Marc Wilson's removal from the stage is a blow for those who like his versatility and ease on the ball but oddly enough, it eases the burden of selection which O'Neill must face in the coming week.
Wilson covered left-back and midfield at a pinch and even if O'Neill told us yesterday that he had always considered him as a centre-back, his other strings made him a near certainty for the squad if he was fit.
But he has been borderline for this tournament from a long way out and now that his absence has been confirmed, O'Neill's options have clarified.
The big winner is likely to be Shane Duffy but Cyrus Christie was also name-checked by O'Neill as a significant piece in the jigsaw if circumstances leave Ireland short at left-full.
"Marc is gone. It's a pity," said O'Neill. "He had the setback a few weeks ago and came back but is still feeling pain in his knee kicking the ball.
"Added to the length of time he's been out so it's a no go. It's disappointing for him naturally as he's been a big part of the squad. Every day he wasn't training it was another day gone past."
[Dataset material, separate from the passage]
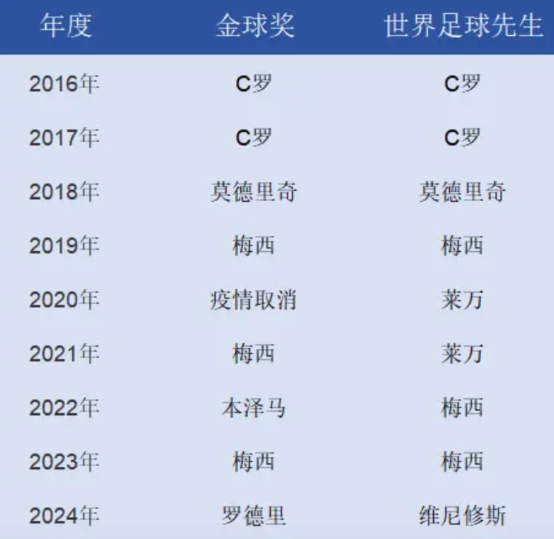 另外三次背离,分别是2021年金球奖是梅西,世界足球先生是莱万;2022年金球奖是本泽马,世界足球先生是梅西;2024年金球奖是罗德里,世界足球先生是维尼修斯。

Asked whether Wilson's no show will mean a problem in terms of cover for the left-full slot, O'Neill dropped a broad hint that Christie will make the cut.
"It wouldn't be beyond a possibility for Seamus Coleman to move over to that position to cover those areas and if that is the case, Cyrus could play right back. If Ward and Brady were to get injured, you would have to consider that as unlucky but it can happen.
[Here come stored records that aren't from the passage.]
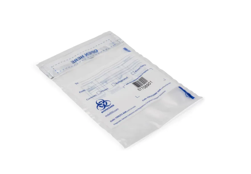 The high security bags support the safe collection and testing of PCR tests which need to be tamper evident, leak proof to an internal pressure of 95 kPa (0.95 bar) and compliant with UN3373 for transport of category B biological samples. The bags also utilise leading track and trace technology for unique sample identification and traceability.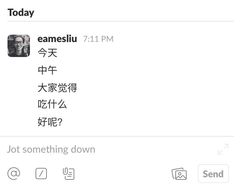 和微信不同,Slack 没有采用气泡式的聊天界面,而是直接将文字摊出来,有利于显示更多文字信息,也更鼓励大家在一条消息内把话说完。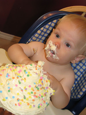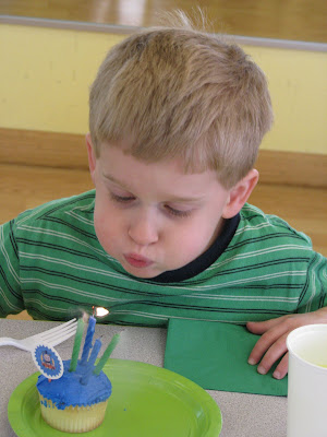 Fun party, Elaine! I love that picture of Little G with the cake – such BIG eyes. Lol. So cute. Nice family shot, too. And of course the B man with his cupcake is adorable, too.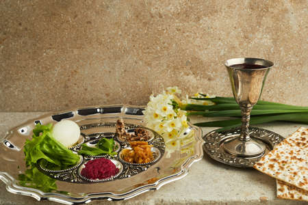 Passover celebration with matzo unleavened bread kiddush cup of wine

"I hadn't really considered Wilson at left-back. He had played at left back and it was good that he could play in two positions but I would have been looking at him more, maybe, as centre-back, which is where he has played most for me.
"I have four (centre-backs) at this minute and I have Paul McShane and Alex Pearce on standby. Things can happen between now and Tuesday night.
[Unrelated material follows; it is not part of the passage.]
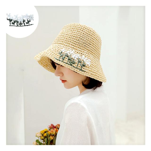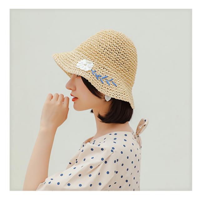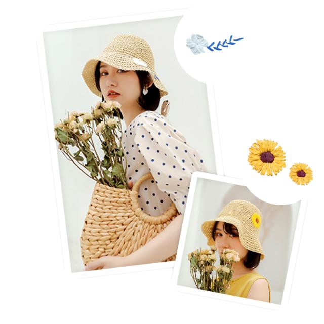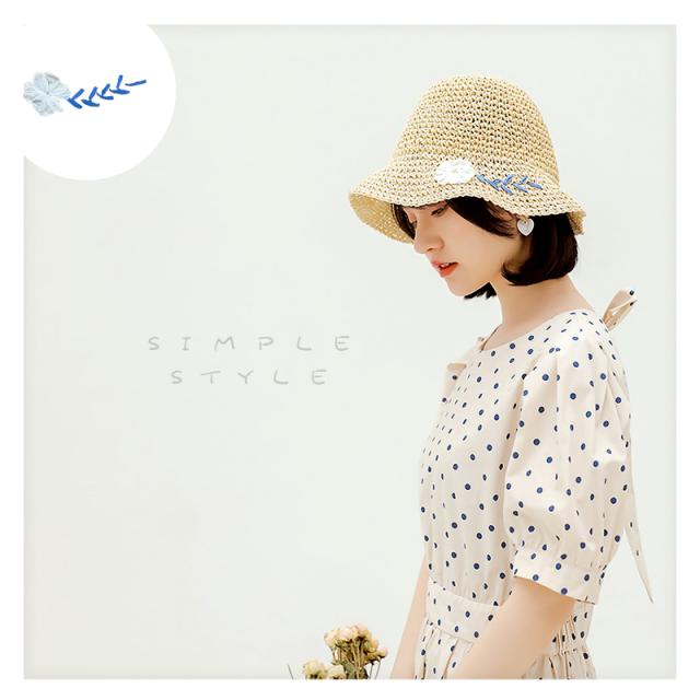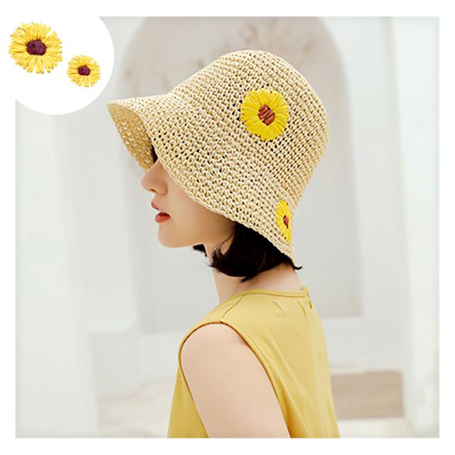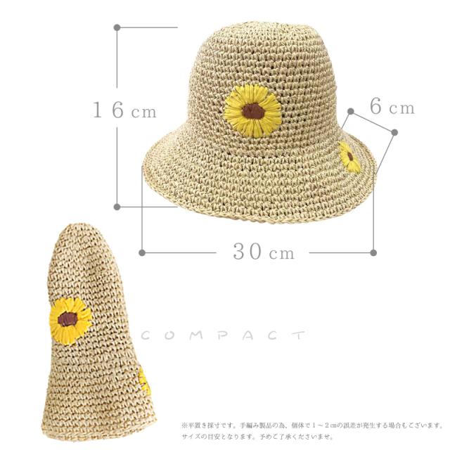 - ワンポイントのお花が可愛いです。被ってみた感想は思っていたより重くないと思いました。ツバがヘタっとなるので深めにかぶると良いかもしれません。発送も早く梱包も丁寧でした。

"I told them to think about that. Obviously they are disappointed but I have to narrow the squad down at some stage or another," added the Ireland boss.
"I have to say that young Duffy has come to the fore and done really fine and has a chance over the coming days to try and stake a claim.
"He got the game there in the end of March and I thought he did really fine. I don't want to put everything into one game he has played but that's fine and he has played all season as well.
"As is said, I don't want to heap an awful lot of expectation on him but I also think, as he displayed against Switzerland, he can be a threat in the opposition box too," said O'Neill.
O'Neill is conscious of the fact that the week ahead will be very important for marginal calls like Harry Arter, David McGoldrick and Stephen Quinn.
"If it means that there is pressure on certain players to do well, if it is coming down to this late hour, then they just have to live with that pressure.
"It might not be ideal but if you have not been involved with the team for quite some time and are still trying to prove a point, the best place to prove it is on the field."
No surprise that O'Neill has already stuck as asterisk beside his previous intention to name his final 23 on Saturday morning after the game against Holland.
It was always more likely that he would leave it until the last minute and he has now pushed his decision out to the May 31 UEFA deadline on Tuesday week, the night of the final warm-up against Belarus.
"I would say that," he said. "Initially I thought we could do it Saturday morning."
"But if it does come down to it that for players who still have a chance of making it does depend on what happens (against Belarus) , I seriously don't have a problem telling somebody at quarter to eleven (they are not going).
"If in the evening time it's 'sorry, it just didn't work out', I think the players would be prepared for that.
"If I was a player at this minute, I would want to take that chance of being told at 10.45 that I was not goi ng to make it after what I had done on the field of play."